**Exercise prompt:** Can the lines below, from the one that holds "Фазовая диаграмма воды: по" to the very end, be echoed exactly, with both ends included and no pictures?

**Given material:**
"""
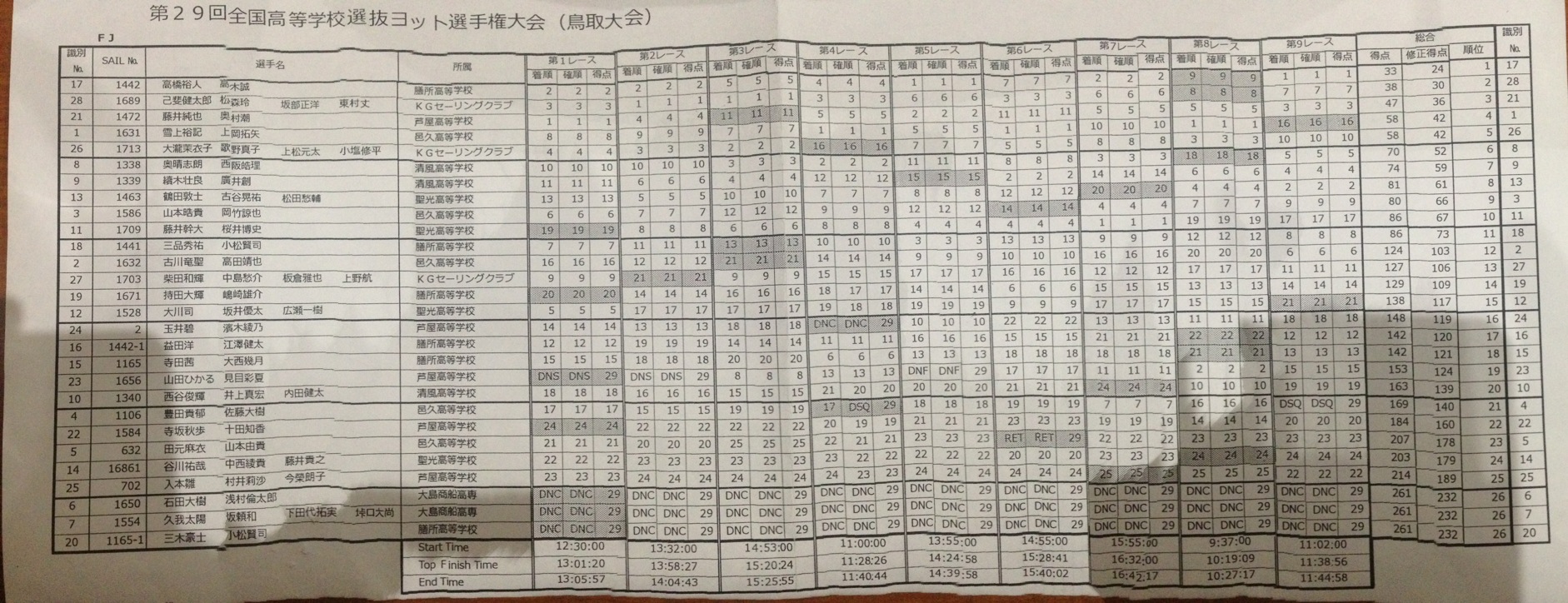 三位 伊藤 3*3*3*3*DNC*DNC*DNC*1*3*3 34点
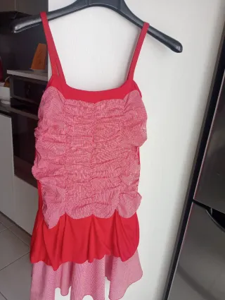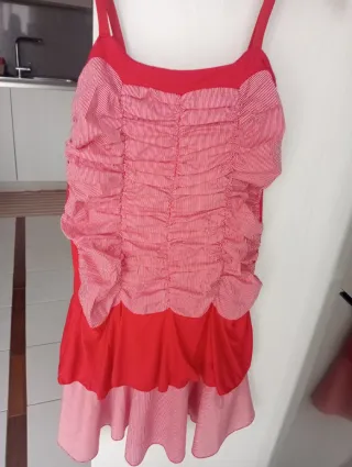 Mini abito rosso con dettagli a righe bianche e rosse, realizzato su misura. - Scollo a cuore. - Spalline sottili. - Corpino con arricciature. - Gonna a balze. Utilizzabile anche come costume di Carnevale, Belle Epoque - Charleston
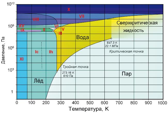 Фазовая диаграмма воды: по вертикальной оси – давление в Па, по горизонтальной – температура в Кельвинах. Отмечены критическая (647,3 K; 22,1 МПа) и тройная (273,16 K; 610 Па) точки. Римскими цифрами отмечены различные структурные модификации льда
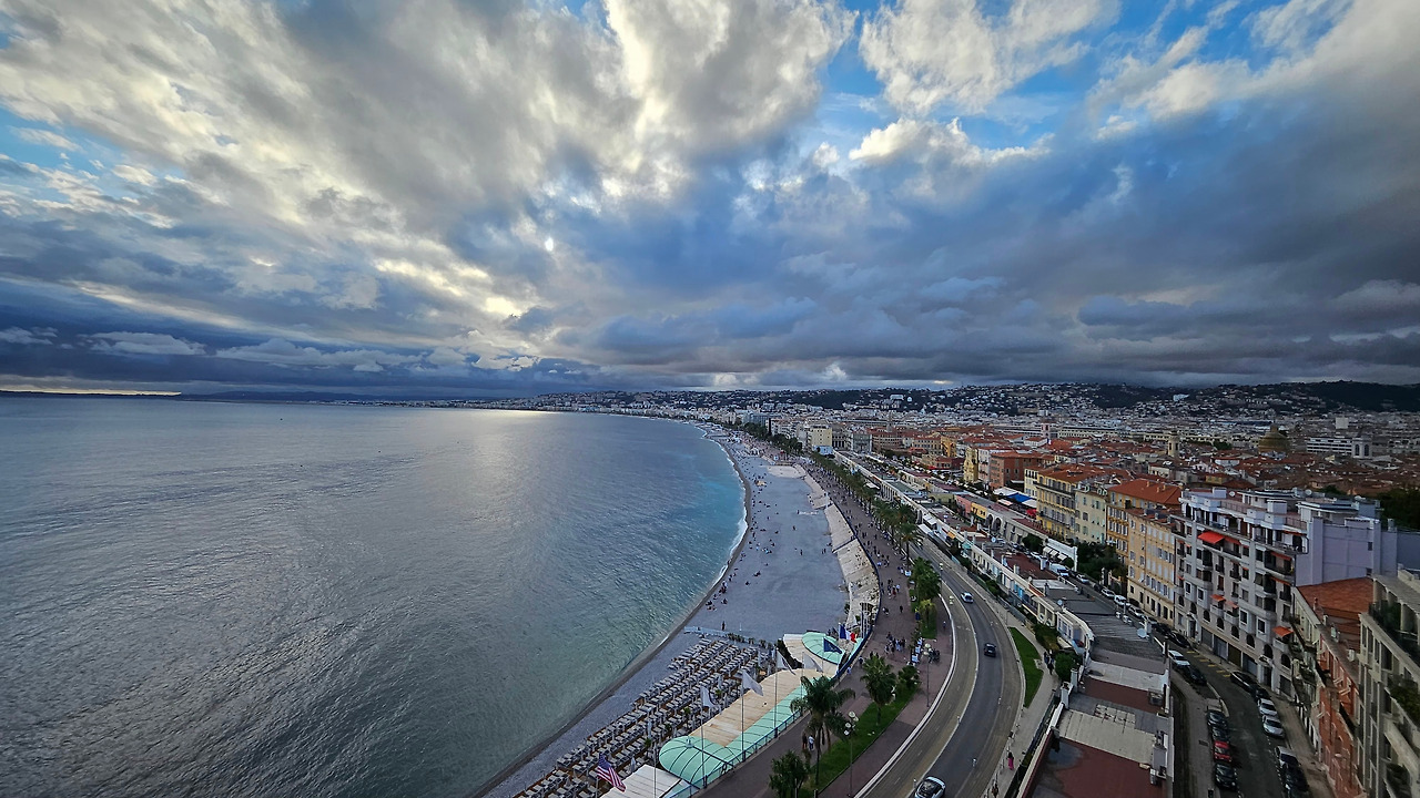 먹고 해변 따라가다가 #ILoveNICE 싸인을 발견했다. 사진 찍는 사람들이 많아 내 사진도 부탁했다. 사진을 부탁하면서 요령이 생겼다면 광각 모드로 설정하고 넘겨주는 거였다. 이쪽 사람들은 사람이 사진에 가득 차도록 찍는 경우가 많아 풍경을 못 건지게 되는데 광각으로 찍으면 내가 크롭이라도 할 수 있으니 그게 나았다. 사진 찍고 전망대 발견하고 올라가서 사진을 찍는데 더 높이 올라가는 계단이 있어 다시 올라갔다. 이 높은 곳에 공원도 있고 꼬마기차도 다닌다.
"""
**Written solution:**
 Фазовая диаграмма воды: по вертикальной оси – давление в Па, по горизонтальной – температура в Кельвинах. Отмечены критическая (647,3 K; 22,1 МПа) и тройная (273,16 K; 610 Па) точки. Римскими цифрами отмечены различные структурные модификации льда
 먹고 해변 따라가다가 #ILoveNICE 싸인을 발견했다. 사진 찍는 사람들이 많아 내 사진도 부탁했다. 사진을 부탁하면서 요령이 생겼다면 광각 모드로 설정하고 넘겨주는 거였다. 이쪽 사람들은 사람이 사진에 가득 차도록 찍는 경우가 많아 풍경을 못 건지게 되는데 광각으로 찍으면 내가 크롭이라도 할 수 있으니 그게 나았다. 사진 찍고 전망대 발견하고 올라가서 사진을 찍는데 더 높이 올라가는 계단이 있어 다시 올라갔다. 이 높은 곳에 공원도 있고 꼬마기차도 다닌다.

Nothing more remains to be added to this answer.